Her research colleagues from her East Berlin days say she's still a scientist at heart, and that the world of Berlin politics is her new laboratory.
Former schoolfriends say there's nothing East German left in her, except her handwriting and her voice.
"She's become a West German politician," says Lothar de Maiziere, the last East German leader, and her first mentor. "She enjoys playing the puppetmaster. It's the pleasure over the mechanics but also over the people."
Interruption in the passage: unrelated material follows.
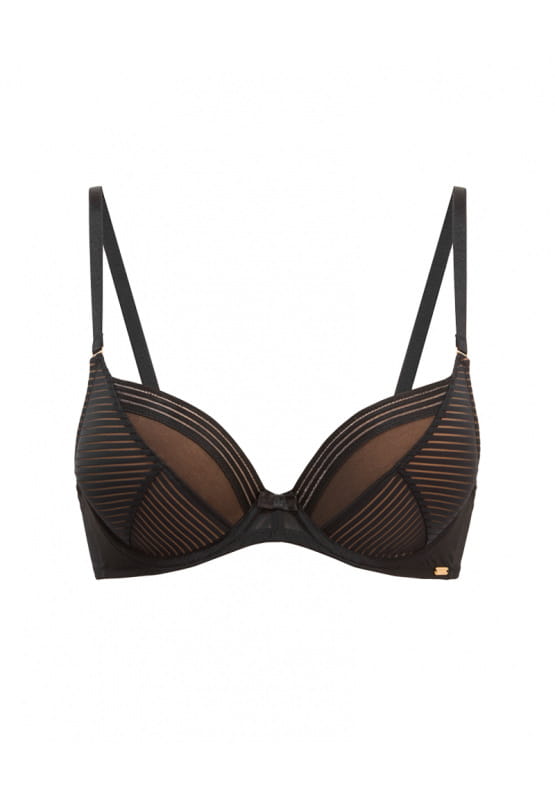 Biustonosz Gossard Sheer Stripe to linia biustonoszy w czerni eleganckich i wygodnych, dzięki połączeniu gładkiej mikrofibry i delikatnej siateczki.

To get elected, Merkel knows she needs to become more three-dimensional and let the world into the personal life she has guarded until now. She will also need all the charm she can muster to persuade voters, angry at continued high unemployment despite painful cutbacks, to swallow her party's brand of even stronger reform medicine.
The newspapers are filled with unsolicited advice, telling her to flaunt her second husband, put on a bit of make-up and smile a bit more.
"You have a lovely smile," a television host told her recently.
"I know," replied Merkel. "But I have to be sparing with it in case it runs out one day."